I learnt that equity is basically the percentage chance that you will win the game with your hand.
I also learnt that if you have a draw, we basically kind of assume that it will be the winning hand and as a result of that, we don't really need to know our opponents hand, making it really one of 2 situations that we can calculate equity easily. And that would be by finding out the draw odds to the river, which basically can be translated to odds of winning, which is equity, because we assume we will win with that hand. Then later we use reverse implied odds to take care of the scenario that we might actually lose even with the winning hand.
I also learnt that there is another situation that we can calculate equity easily and that is if we know our opponents hand, and it is a drawing hand. In which case we just reverse his drawing odds to become our winning odds. So if he has an OESD, his odds are roughly 4.8:1 and we are a 4.8:1 favourite.
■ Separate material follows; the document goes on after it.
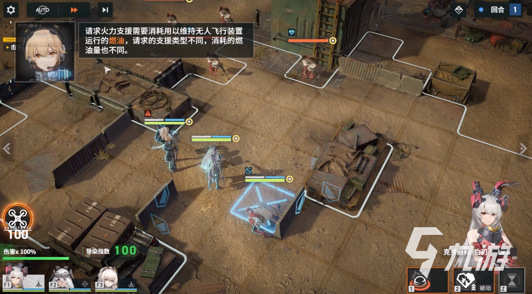 第二種就是戰(zhàn)術支援炮塔,這個支援會消耗六十點的燃油,消耗是很大的。攻擊方式為投擲一個炮塔來進行支援,這個炮塔是戰(zhàn)斗單位,雖然說不可以移動,但是輸出和射程是很遠的。

so basically to work out our equity we put him on a range, match up crushing and flipping and that gives us a rough equity of 25 to 30 percent based on some sort of trial and error you have done on poker stove. Then we try and tackle the rest of the hands (combinations specifically) by using whatever tools we have such as working our drawing odds (to the river) of his drawing hands.
Are these statements correct so far ?
The only thing missing is how you got your equity for his hand of 2 pairs with 98. Which is my last question.You put us as a 3:1 dog. how did u estimate that ?
Thanks a lot for the help, i know its a long post and i'm only half way through the video, but thanks !!!